## SOURCE DATA
-------

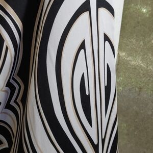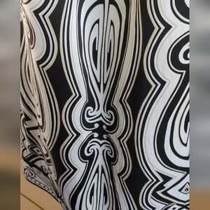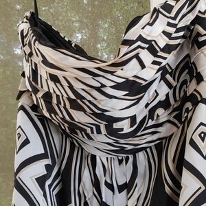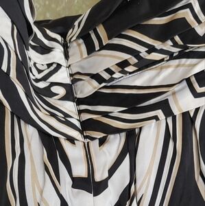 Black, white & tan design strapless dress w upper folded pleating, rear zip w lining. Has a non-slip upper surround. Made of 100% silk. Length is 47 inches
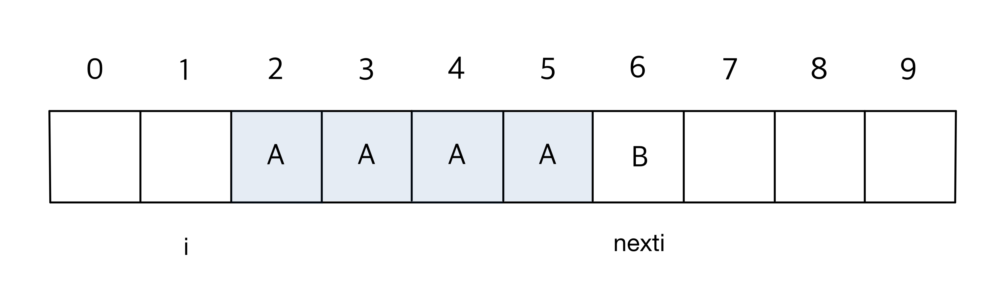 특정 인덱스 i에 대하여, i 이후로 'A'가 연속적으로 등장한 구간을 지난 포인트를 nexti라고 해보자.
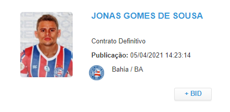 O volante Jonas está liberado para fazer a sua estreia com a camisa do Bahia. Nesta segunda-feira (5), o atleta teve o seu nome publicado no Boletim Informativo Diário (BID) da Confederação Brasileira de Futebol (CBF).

-------

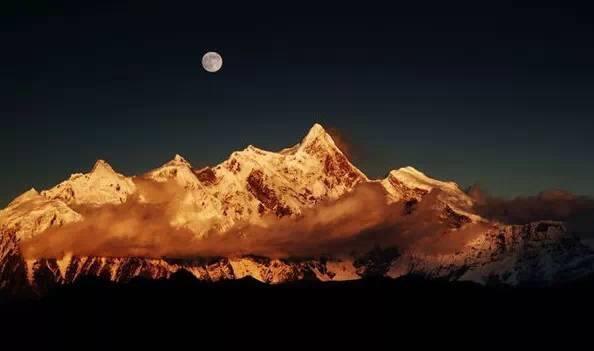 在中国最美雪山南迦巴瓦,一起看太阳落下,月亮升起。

-------

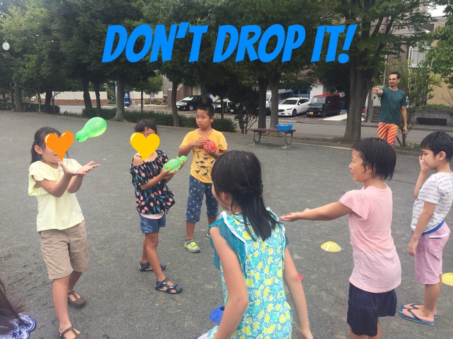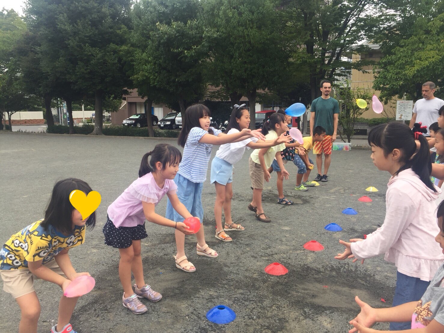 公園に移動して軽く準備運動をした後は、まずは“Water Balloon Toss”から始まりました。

-------

## THE PROBLEM
Take the material above from the line bearing "Black, white &" through the line bearing "특정 인덱스 i에 대하여, i" and write it out exactly, both end lines included. Pictures stay out.

## RESPONSE BELOW
 Black, white & tan design strapless dress w upper folded pleating, rear zip w lining. Has a non-slip upper surround. Made of 100% silk. Length is 47 inches
 특정 인덱스 i에 대하여, i 이후로 'A'가 연속적으로 등장한 구간을 지난 포인트를 nexti라고 해보자.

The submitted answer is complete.